The process of diagnosing skin cancer is a daunting one. Here are some tips and advice on detecting early signs of skin cancer at home and how further tests by Doctor and Cancer Specialists diagnose non-melanoma skin cancer.
The most common types of non-melanoma skin cancer are basal and squamous cell cancer:
- Basal cells are newly formed cells made deep in the epidermis (the surface layer of skin). Basal cell cancer usually looks like a small crater in the skin, or a bump, that has a shiny surface.
- Squamous cells are old cells that are pushed to the surface of the skin by newly produced basal cells. Squamous cell cancer tends to be scaly and red.

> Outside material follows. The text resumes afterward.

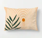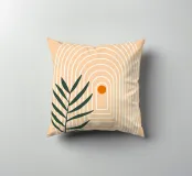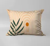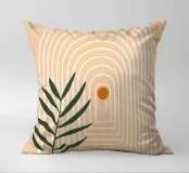 Un poster minimalista e moderno che combina forme naturali organiche con una geometria chiara. Al centro, una serie di archi rotondi bianchi e intrecciati che si estendono in profondità come un tunnel e conferiscono al disegno un forte effetto spaziale. Al centro si illumina un piccolo cerchio arancione, simbolo del sole, dell'energia o dell'equilibrio interiore. In primo piano, una foglia verde scuro con rami sottili contrasta con il rigore geometrico degli archi. Questo gioco di natura e struttura crea un equilibrio armonioso tra calma e dinamismo.
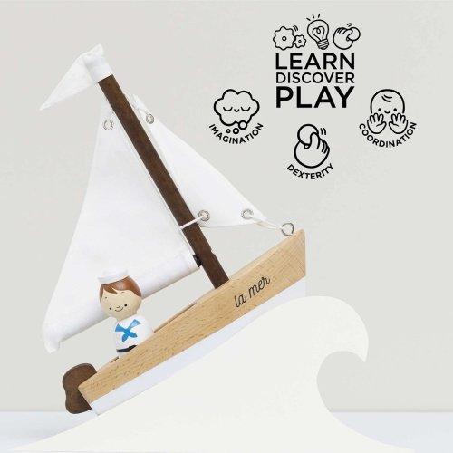 Vyplujte na širé moře a objevujte nová dobrodružství s touto nádhernou plachetnicí, která září nadčasovým kouzlem. Dřevěná plachetnice je ručně vyrobená z bukového dřeva s certifikací FSC ®, některé části jsou mořeny v barvě ořechu, přináší tak nádech autentičnosti. Dekorováno netoxickými barvami na bázi vody, které jsou bezpečné pro děti. Bavlněná vlajka a plachty se lehce vlní ve větru a pohánějí loď k nekonečným obzorům, což zvyšuje nápaditou hrací hodnotu této hračky. Loď doprovází miniaturní dřevěný námořník, který má ručně malovaný námořnický oděv, díky tomu se hra s touto plachetnicí se stává ještě zábavnější. Ať už je loď používána jako dekorativní prvek, nebo jako hračka, okamžitě poutá pozornost každého dítěte. Pomáhá rozvíjet kognitivní dovednosti, zručnost a koordinaci ruka - oko. Hračky s účelemVšechny hračky firmy Le Toy Van jsou vyrobeny s cílem – aby dlouho vydržely. Designovány s láskou zkušenými řemeslníky za použití etických praktik a udržitelných materiálů, které jsou laskavější k naší planetě. Hlavní vlastnosti: rozvíjí zručnost, koordinaci a představivostvyrobeno z dřeva s certifikátem FSC®malováno netoxickými barvami na bázi vodytestováno dle nejpřísnějších standardůhračka bez plastů Značka a certifikát FSC® (Forest Stewardship Council) zaručuje, že dřevo, ze kterého byl produkt vyroben, nebylo vytěženo nelegálně a pochází z lesů obhospodařovaných šetrným či přírodě blízkým způsobem, ve kterém jsou dodržovány přísné environmentální a sociální požadavky. Značka FSC® na výrobku znamená, že svým nákupem pomáháte chránit lesy a podporujete šetrné, odpovědné či přírodě blízké hospodaření, díky kterému jsou naše lesy stabilnější, zdravější, mají přirozenou druhovou skladbu a lépe odolávají negativním následkům klimatických změn.

Skin cancer is most likely to occur on parts of the body that are exposed to the sun: the face, neck, hands, arms, and legs.

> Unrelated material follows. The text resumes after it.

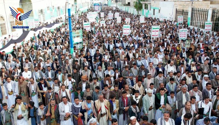 وأكد أبناء حجة في المسيرات التي أقيمت في مركز المحافظة والمديريات، الاستمرار في الثبات والصمود في مواجهة العدوان الأمريكي المساند للعدو الصهيوني الذي يرتكب جرائم حرب بحق الأشقاء في غزة.
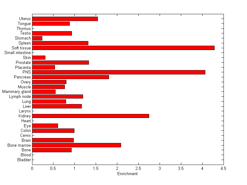 The expression level is normalized with tissue-library size. Each value for a gene in a tissue is a ratio of observed ESTs to the expected one in this tissue. The expected number of ESTs is the product of total ESTs of the gene and the fraction of total ESTs in the tissue among all ESTs in 30 tissues.

Most skin cancers can be cured if they are caught early so you should check your skin regularly for any unusual changes, such as:
- Moles or birthmarks that change shape, color, or size
- New growth patches on your skin that are red and scaly and pale nodules that grow larger and then crust
- Unhealed sores
- Patches of skin that itch, swell or bleed and become red or bumpy
- The skin becomes yellow/white when stretched.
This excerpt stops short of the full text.